Hello, I have a slightly built 1.8t in my MK4 GTi that I recently purchased. (pistons, rods) He was running a bigger oil filter on it. A Mann W 940/25 screw on filter.









So I can run an extra half quart of oil. 5 as opposed to 4.5. He included another brand new one for when I change the oil next. Just curious if there are any drawbacks to running a bigger oil filter? Or is it just all positive due to being able to run more oil?

He is currently running 5w-40 Castrol Synthetic in it. Would 0w-40 Euro be alright since it is readily available at Wal-Mart in 5 qt jugs?

Thank you guys for all and any help. :wave:


----------



## ps2375 (Aug 13, 2003)

If you think 10% more oil is of any benefit, you can. I doubt you'll see any diff in oil temps. I was working at an independent shop when VW came out with that "bulletin", I thought it was laugh-able. You'd be better off changing the oil more often than the VW recommended interval. And Personally if I had a modded or even a stock 1.8T motor, the first thing I'd add would be an actual external oil cooler w/ a thermo sandwich plate.


----------



## The Kilted Yaksman (Oct 31, 2000)

IIRC, the bigger filter was more of a suggestion for the transverse cars, but a necessity for the longitudinal Audis and Passats, as they had smaller oil pans and were prone to sludge. I run the Mann shown, or the Mahle OC51 (depending on which NAPA has in stock), and have never had a problem in over 180k miles. 
The specs of the Euro 0w-40 Castrol are pretty close the US 5w-40, but probably really not enough to make a noticeable difference, and they are both VW 502 approved. You can use the Castrol, or Mobil 0w-40, or Shell Rotella T6 in 5w-40. They are all good enough that the only deciding factor could easily be price.


----------



## 1moLaGTI (Dec 13, 2015)

ps2375 said:


> If you think 10% more oil is of any benefit, you can. I doubt you'll see any diff in oil temps. I was working at an independent shop when VW came out with that "bulletin", I thought it was laugh-able. You'd be better off changing the oil more often than the VW recommended interval. And Personally if I had a modded or even a stock 1.8T motor, the first thing I'd add would be an actual external oil cooler w/ a thermo sandwich plate.

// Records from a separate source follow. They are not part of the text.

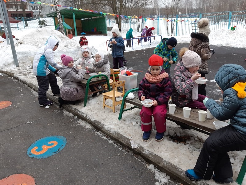 Военно-патриотическое мероприятие прошло в дошкольном отделении образовательного комплекса № 556. Длился праздник около двух часов. После насыщенной и интенсивной игры нужно было обязательно подкрепиться.
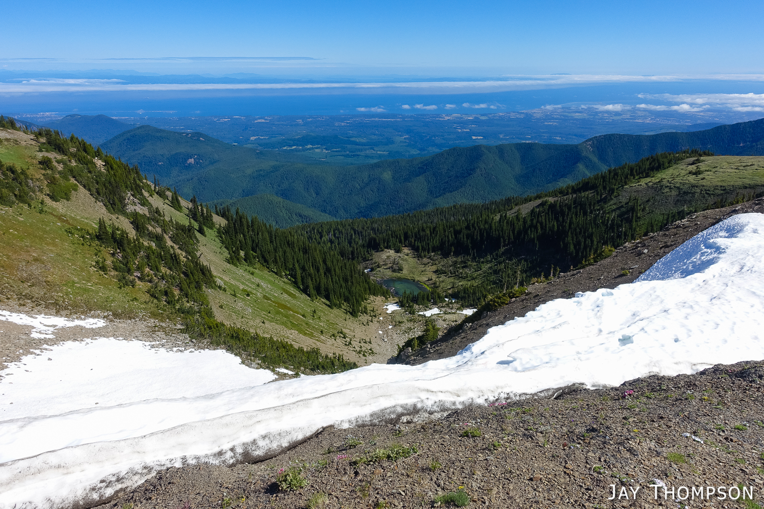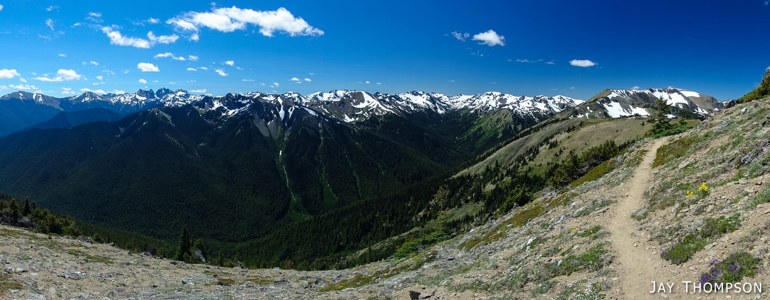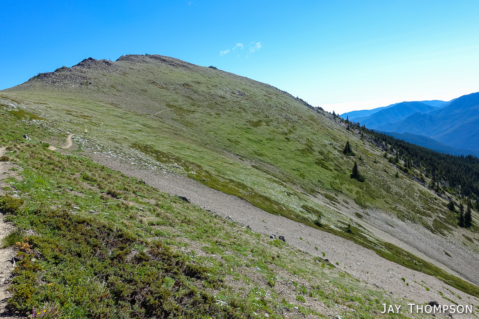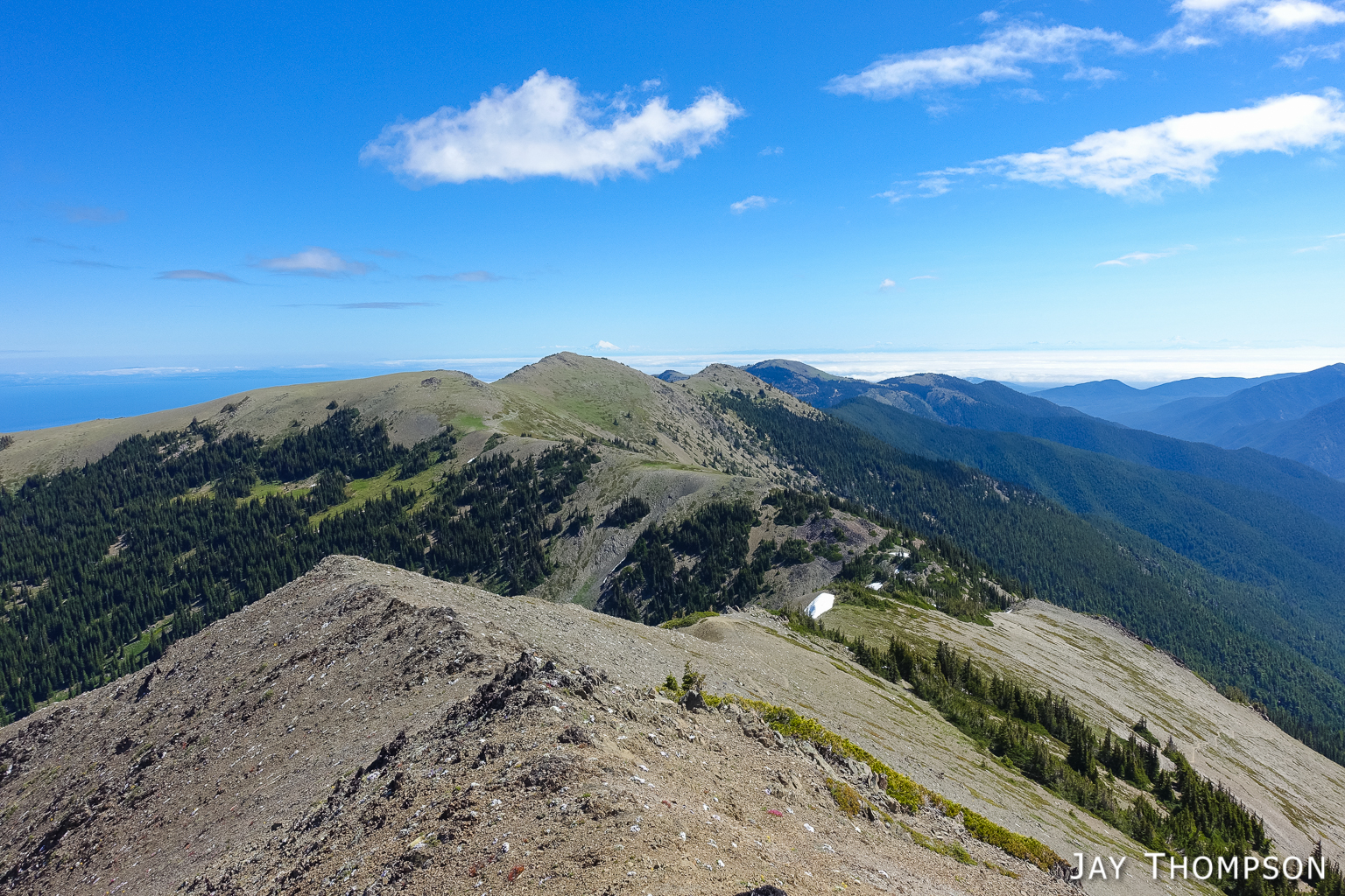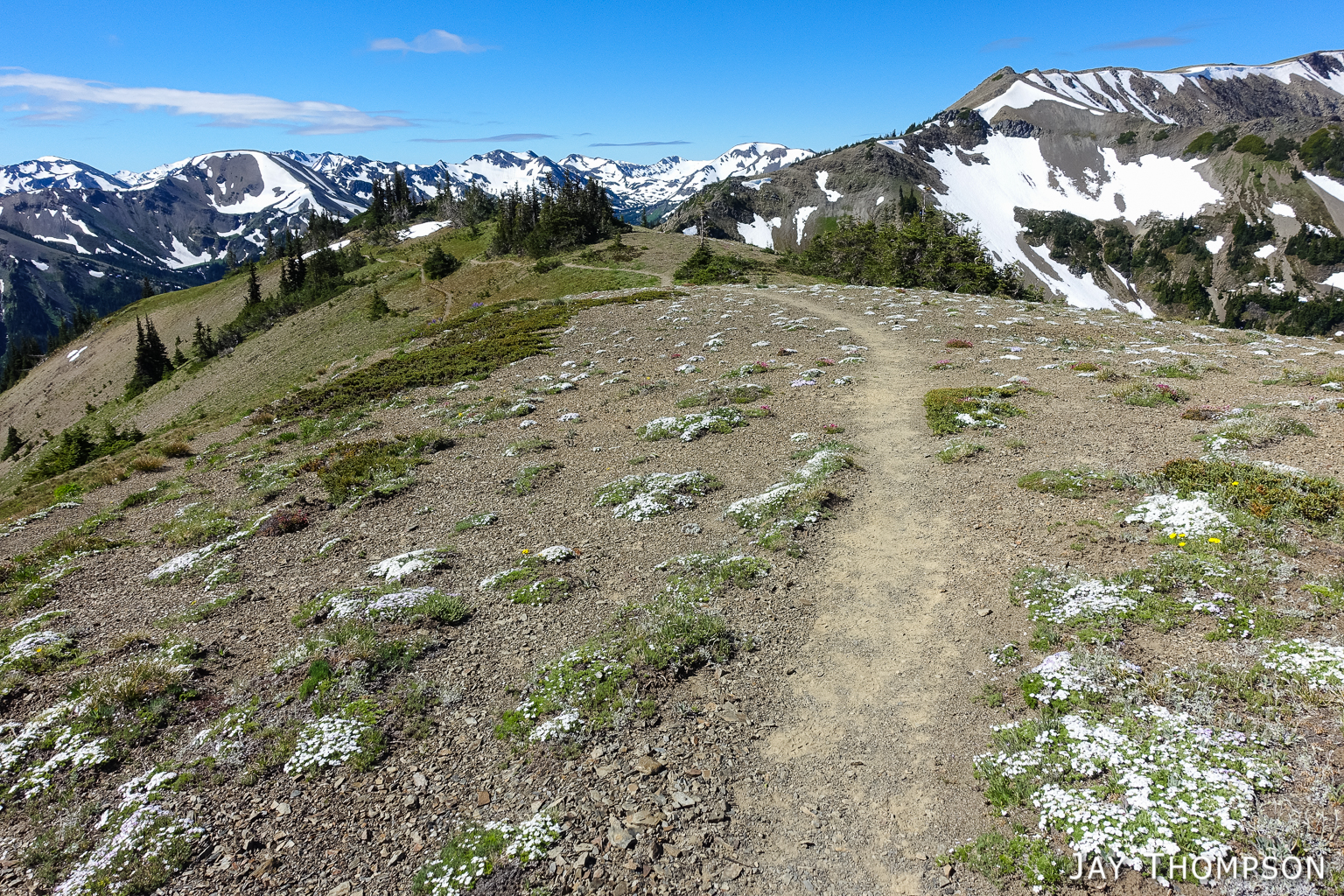 This trail has perhaps the best display of Avalanche lilies I have ever seen. This hike was no exception. If you want to see this for yourself, you need to get up here early, soon after the snow melts.Nice trailThe trail drops down from Deer Park 300-400 feet and is forested for the first couple miles.Before too long the trail gradually climbs again and opens up to the most spectacular views. In my humble opinion, hiking this trail on a cloudy day would be a major bummer since you're going to miss (as Bruce Lee would say) all that heavenly glory!Hard to not enjoy days like thisBecause the views don't suck!Maiden Lake directly below. The body of water in the distance is the Straight of Juan de Fuca. To the upper left of the frame you can see Ediz Hook and part of Port Angeles.My friends Cheryl and Stephanie can barely be seen in the distance.My friends Cheryl and Stephanie can barely be seen in the distance.Spectacular views everywhere you look.Spectacular views everywhere you look.Spectacular views everywhere you look.Great name for a campsite. I think I'll pass.Grand ValleyLooking back along the ridge. You can see almost the entire route from here. The far mountain that is partly forested and partly green on top is Blue Mountain. The start of the hike was just this side of that mountain.I looked back and could see Cheryl and Stephanie sitting there on that point. You can just barely (not really) see them. I kept looking back over 30 minutes or so and they weren't moving so I figured they were not going any further.Selfie timeSome kind of thistle maybe?The line across the side of the mountain in the distance is the Hurricane Ridge Road.Panoramic view from Grand Ridge.Grand Ridge TraIlNice flowers everywhereWild Olympic Mountain onions. YummGrand Ridge TrailGrand Ridge TrailGrand Ridge TrailGrand Ridge TrailGrand Ridge TrailCheryl and Steph. Cheryl doesn't like to have her picture taken so I always try to get at least one, LOL. Look at her hiding under her hat, haha. I'm not sure why she doesn't invite me along on more hikes...Glacier LiliesAvalanche Lilies
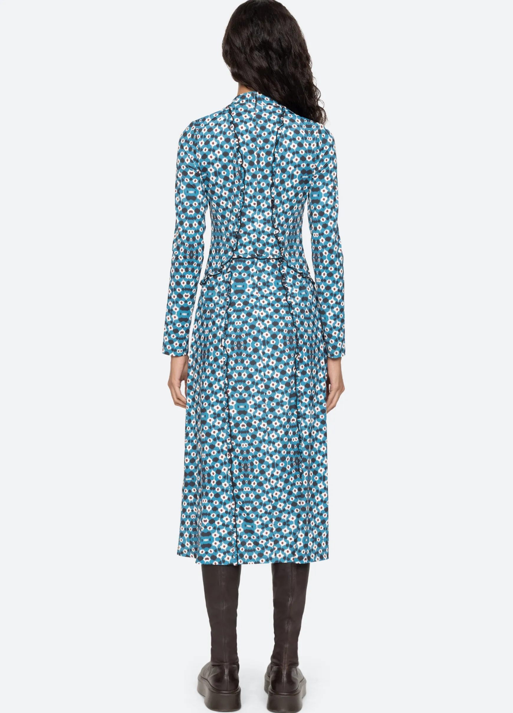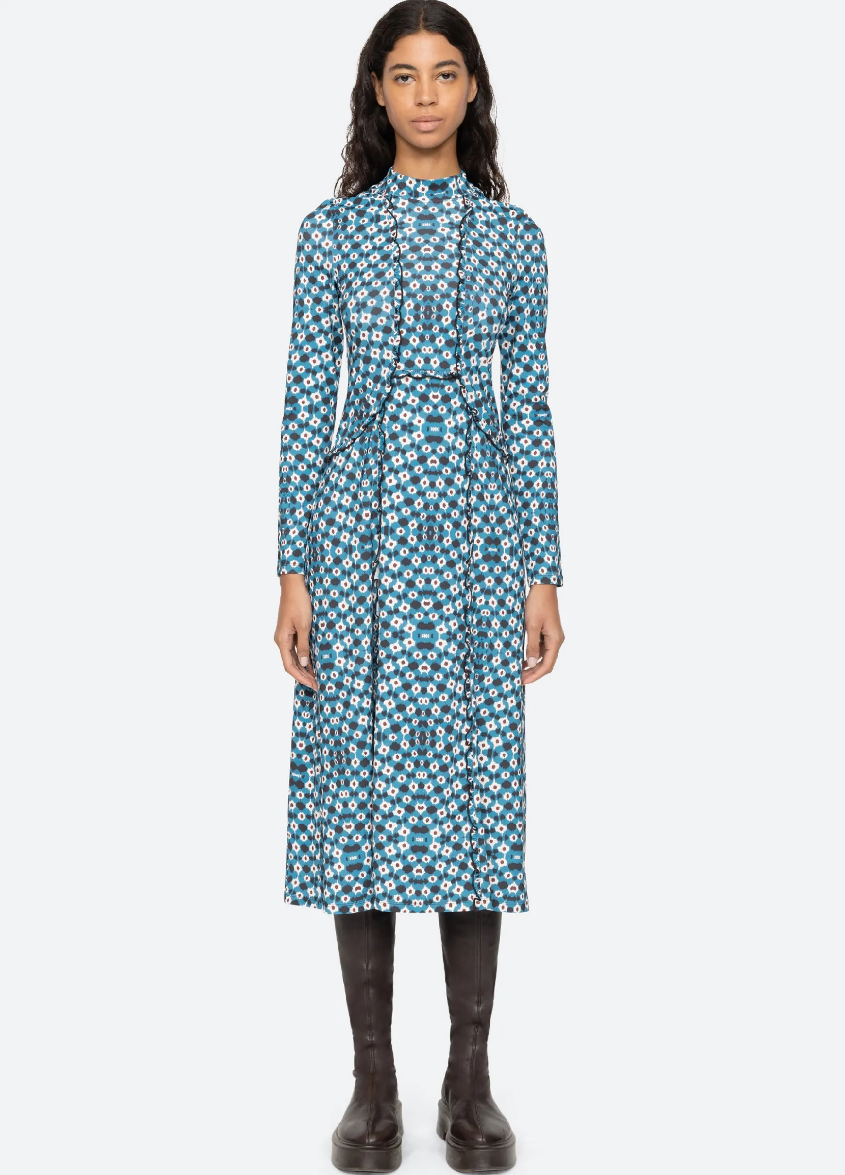 An online and in store exclusive. The Zina graphic print dress features ruffle detailing, long sleeves, turtleneck, and midi silhouette.
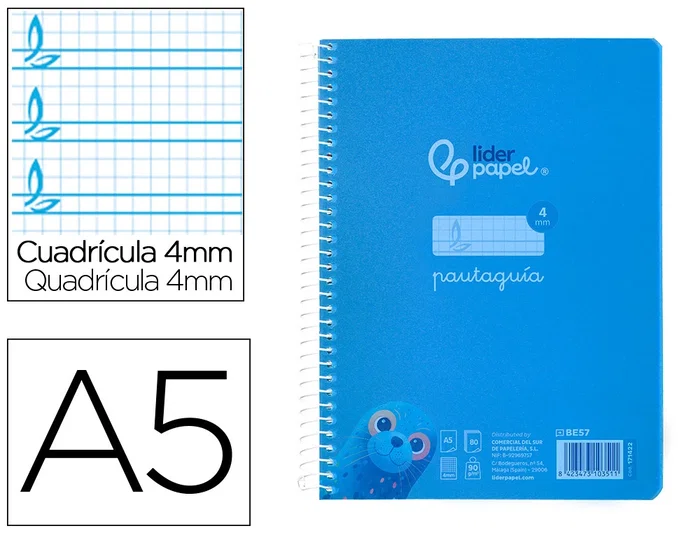 El cuaderno espiral Liderpapel Pautaguía de tamaño Din A5 es una herramienta esencial para la iniciación a la escritura. Tapa y contratapa de tapa de plástico resistente y gama de colores atractiva. Contiene 80 hojas de papel de 90 gramos. Las hojas están diseñadas con un cuadro pautado de 4 mm y márgenes, proporcionando una guía clara y estructurada que ayuda a alinear sus letras y mejorar su caligrafía. Este cuaderno es perfecto para los primeros pasos en la escritura y mayor duración, dada la rigidez de la tapa dura.
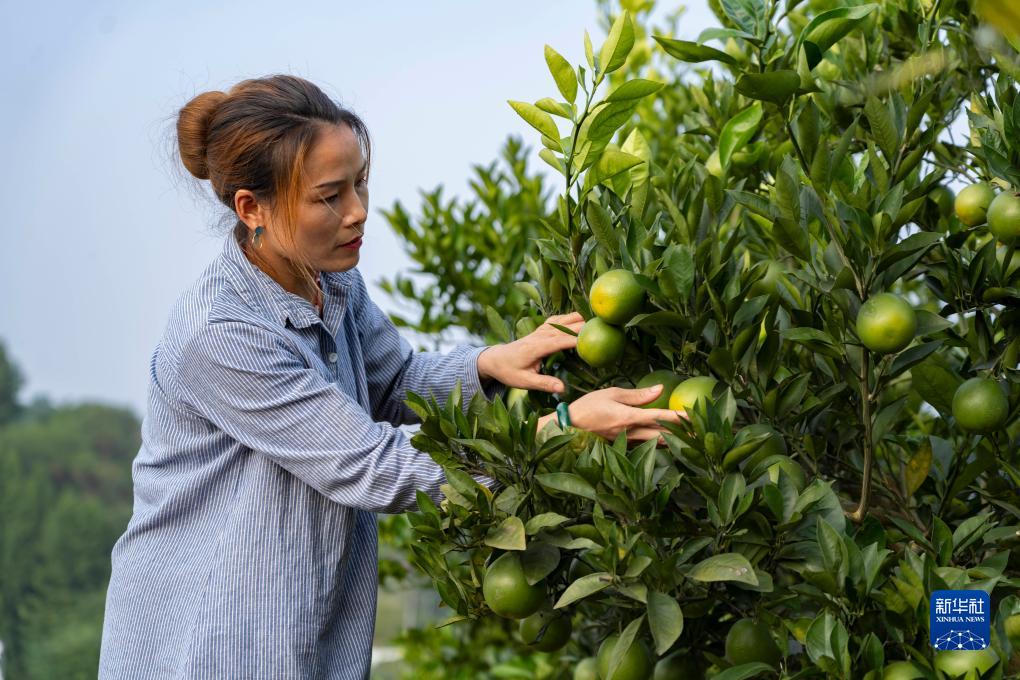 10月17日,在位于四川資中縣銀山鎮的橙堡魚(yú)鄉融合發(fā)展示范園,村民查看血橙掛果情況。
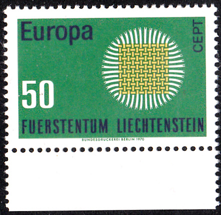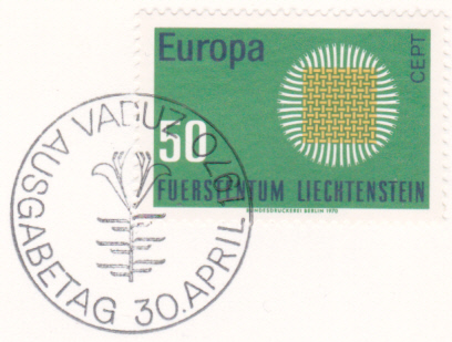 In Liechtenstein erschien eine Europamarke 1970 am 30 .April 1970. Hier die Marke zu 50 Rappen mit dem Gemeinschaftsmotiv "Flechtwerk als Sonnensymbol", die in einer Auflage von 2 014 742 Stück erschien.
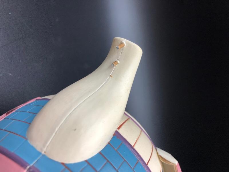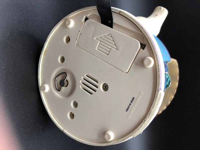 Plays music without batteries. Believe it lights up with batteries , but couldn’t find any batteries to test it with. It measures 6” high and 6” wide. There are two sharp prons they come down underneath the spout that probably supported the swing that is missing.
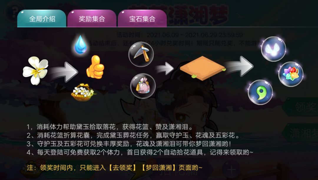 活动主要分为四部分:拾花篇☞葬花篇☞潇湘梦回☞领奖(即活动参与顺序),下面将为大家介绍每个部分的玩法技巧~
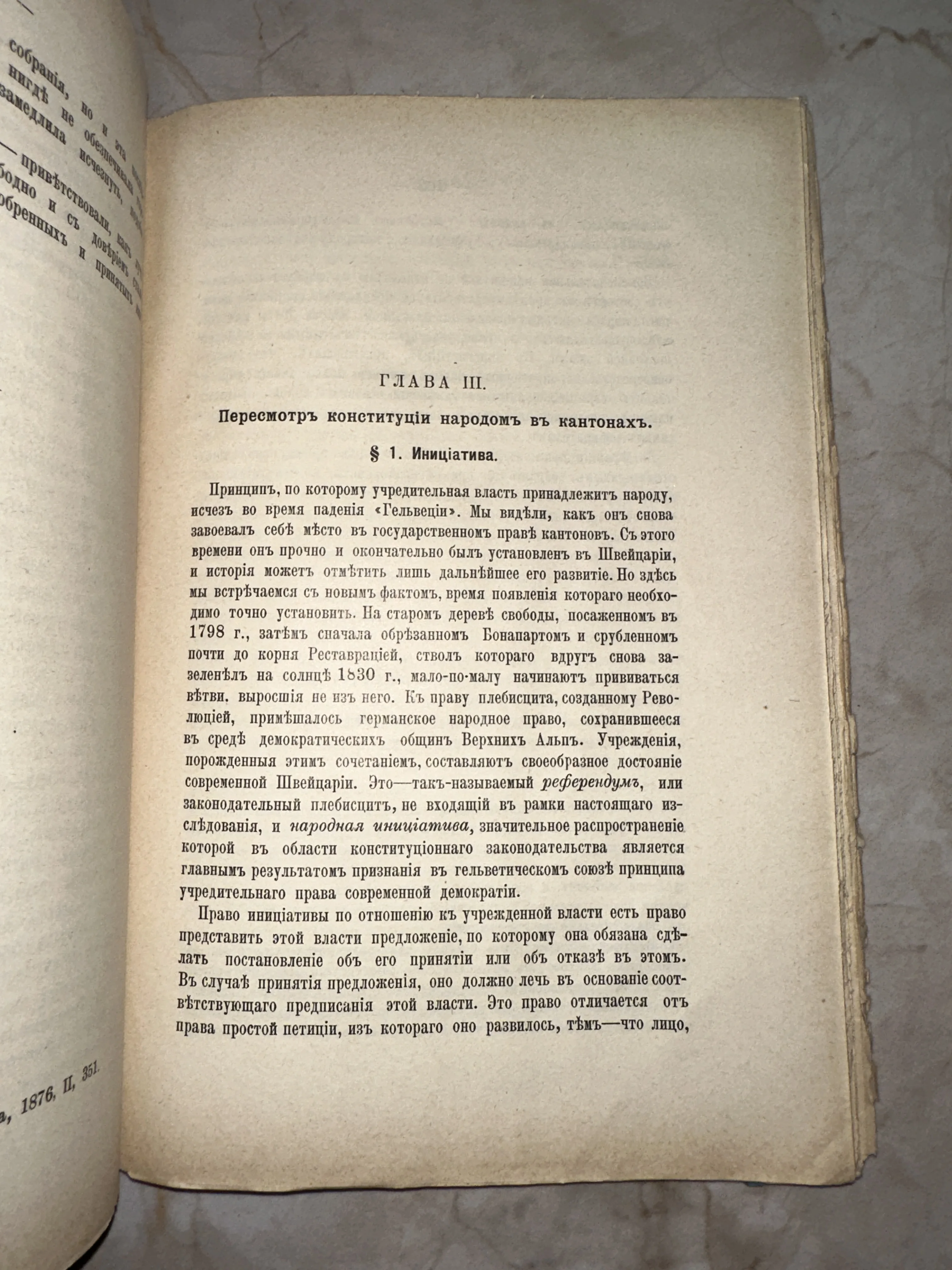 Перед вами страница из фундаментального труда, посвященного истории и развитию конституционного права. Благородная патина времени на пожелтевшей бумаге и классическая дореволюционная орфография подчеркивают аутентичность этого библиографического памятника. Издание станет ценным приобретением для коллекции историка, юриста или ценителя редких фолиантов.
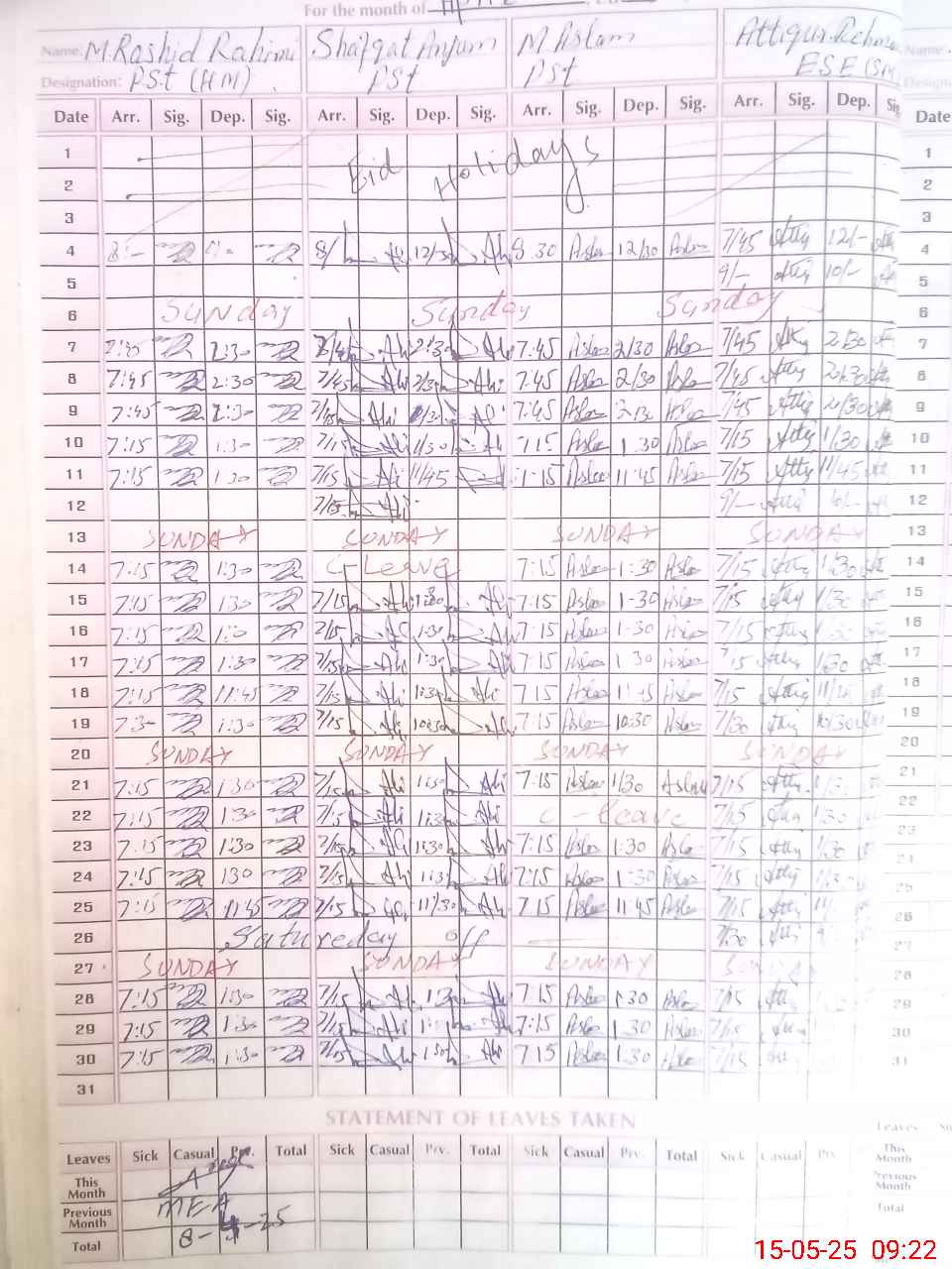 | CNIC | Full Name | Designation | R/C | Absence During Last Calender Month |

 I am not worried about oil temps. Never knew about the bulletin.



> IIRC, the bigger filter was more of a suggestion for the transverse cars, but a necessity for the longitudinal Audis and Passats, as they had smaller oil pans and were prone to sludge. I run the Mann shown, or the Mahle OC51 (depending on which NAPA has in stock), and have never had a problem in over 180k miles.
> The specs of the Euro 0w-40 Castrol are pretty close the US 5w-40, but probably really not enough to make a noticeable difference, and they are both VW 502 approved. You can use the Castrol, or Mobil 0w-40, or Shell Rotella T6 in 5w-40. They are all good enough that the only deciding factor could easily be price.


Awesome to know. I will just use that filter that is provided then and my 0w-40 Mobil 1 I have laying around.


----------



## ps2375 (Aug 13, 2003)

Do you not have an oil temp and press gauges installed? Maybe good thing you don't.


----------



## 1moLaGTI (Dec 13, 2015)

ps2375 said:


> Do you not have an oil temp and press gauges installed? Maybe good thing you don't.


Is that sarcasm I suppose? Saying I NEED an oil temp and pressure gauge? 

Is this due to an inferior designed motor? (Noob to these 1.8's started to read the forum sticky's) Seeing you have over 11 thousands posts makes me think you know quite a bit about these cars and motors. :wave:


----------



## ps2375 (Aug 13, 2003)

Sarcasm? Me? Some. Inferior design, no. Poor oil cooler, IMHO, and given the fact that these motors tend to run a higher oil temp, a better oil cooler is not mandatory but would be a nice thing to have on a stock or modded motor. I never owned one, but I did work on them for a time and they are one of my favorite VW motors.


----------



## BassNotes (Mar 16, 2005)

I usually run the larger Mobil 1 M1-301 filter, which also increases the system capacity to a little over 5 quarts.

I figure boosting the oil capacity by maybe 15% can only help.


----------